I would under no circumstances use Terraform if I didn't have clients who had selected it before I was working with them. If in AWS, I would use CloudFormation, with a tool like Cfer[1] (which is excellent, reliable code) or SparkleFramework[2] (which is more full-featured but I hope you never need to debug it) to provision my stuff.

(Full disclosure: I'm building a much, much better provisioner for multi-provider cloud infrastructure. Neither of the projects I recommend are mine; mine's not done yet.)

[1] - https://github.com/seanedwards/cfer

[2] - http://www.sparkleformation.io/


If you're writing your own, you might also look to BOSH[1] for inspiration.

It's older than CloudFormation and Terraform (born 2010). It can manage anything that someone's written a driver for. So far that includes AWS, Azure, vSphere/vCloud, OpenStack, VirtualBox, Google Compute Engine, Apache CloudStack and there might be others I missed.

It stores state in a database. It is able to recover from mismatches between the state of the world and the desired state. Cloud Foundry users have been using it for years to deploy and update CF installations. Pivotal Web Services (I work for Pivotal, in a different division) has been upgrading to the most recent CF release every few weeks, live, without much fuss, for years.

For any kind of heavily stateful infrastructure, BOSH is a strong candidate.

[1] https://bosh.io/


Augh, how did bosh slip my mind? I've never used it in production, but I've used it to roll out a CF environment for testing and was impressed to dig into it a little more (most of a year ago now, I think your mention of CF was actually what kicked that off). From (admittedly limited) experience I'm not crazy about its developer-facing feel, but I appreciate the significant and responsible effort in it.


> The application architecture is reckless and full of race conditions

Honestly curious, can you point to one or two?


I don't have a toy example offhand, but the resource failure case I mentioned is one. If resources A, B, and C are in flight at the same time and A fails, Terraform in some as-yet-undiagnosed circumstances will not record state changes caused by the still-in-progress work on B and C. This happens a lot with SNS queues, IIRC, because SNS queue operations on the AWS API take a relatively long time to resolve. So if, say, you mistyped an attribute for an EC2 instance, it can fail out and Terraform will happily forget that it created an SNS queue for you.

I have a sneaking hunch that the continuing problems with template-file resources (complaining that the "rendered" attribute doesn't exist in dependent resources) are related to this, but can't prove that; my clients don't pay me to debug Terraform, but to get their stuff working, and that doesn't leave much time to get in-depth with it now that I've decided not to use it for my own purposes anymore.


> Full disclosure: I'm building a much, much better provisioner for multi-provider cloud infrastructure. Neither of the projects I recommend are mine; mine's not done yet.

One of the convenient things about software that doesn't exist is that it doesn't have any bugs.

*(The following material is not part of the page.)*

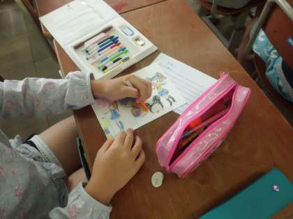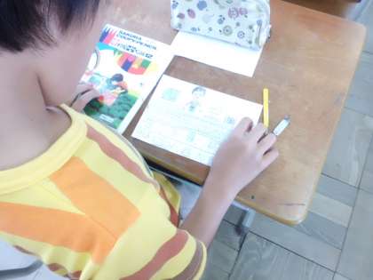 10月30日に多世代交流があります。龍谷大学に行き,大学生や地域の方と交流をします。その時に,自分の夢と地域の好きなところを発表します。そのために,今日は,絵と言葉を考えました。様々な夢や地域の好きなところがあり,交流会が楽しみです。

Let your software speak for itself when it exists; until then, this seems an undeserved critique of software, and a team, that is solving problems every day.


This is a crazy sentiment. I was just considering checking out Terraform, and I'm really glad to have read the previous commenter's experience.


I've been using Terraform for over a year, maintaining a standard 3 AZ load balanced production cluster.

HCL has improved dramatically, and now that template strings are a thing, most of my variable interpolation issues are solved. However you still can't specify lists as input variables so you frequently have to resort to joining and splitting strings. It's hackish and worse, changing one value in the list will invalidate all other resources that use the variable.

Race conditions and dependency cycles are still a problem. Particularly with auto scaling groups and launch configurations -- I have to migrate them in two steps (create then destroy) to avoid a conflict. Same with EBS volumes, I ended up scripting my instance to attach the volume by itself, otherwise there's ordering issues when destroying and replacing.

There's also missing features, such as the ability to create elasticache redis clusters and cloudformation resources.

I'm still glad that I went with Terraform though. It takes a good amount of time to get around the limitations and bugs, which can be really frustrating, but when it works, it works beautifully.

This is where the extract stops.